I appreciated the trip not because of the food, the sites, the photographs, the smells, the music, the traveling, the cultural and linguistic barriers, nor even the memories, but because human beings brought them to me. Owen asked me while sitting in the lobby of the museum in Athens, “What are you passionate about?” “People,” I answered. “Human beings.” Experiences, solely events, don’t add depth to life.
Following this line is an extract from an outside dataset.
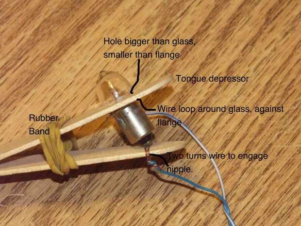La imagen muestra un "enchufe" que llevará a cabo una bombilla de linterna "ensanchado" normal (algo) bien en contactos con alambre normal. Voy a intentar conseguir a más cuadros de "proceso" si puedo encontrar mi depresores de lengua, pero la foto del producto terminado debe mostrar más de lo que necesitas saber...

It is the human beings who bring about the experiences that add richness. The depth of the human experience is found in others.
The running commentary on how I now view my development over the past year is incomplete and rushed, to say the least. It is also seemingly out of place for a reflection on Turkey and Greece, as well. This year of my life, all the memories and events, came rushing back to me while we were abroad, though. As I said, to reflect on Turkey and Greece is to reflect on a year of my life. Turkey and Greece provided the right context in which to sit back and sift through myself, or at least to begin sifting. This reflection is incomplete, because I haven’t finished sifting. Who am I kidding? Does one ever finish sifting? These are probably just the preliminary thoughts, preceding more major self-analyzation. Thank God for the trip. Self analyzation is what I needed, and need. And I began it in the company of friends, in a community of trust and like-mindedness, of respect and genuine compassion. Thank you, Dr. Jones, for wisely planting seeds that allowed for such a community. The trip could not have been better.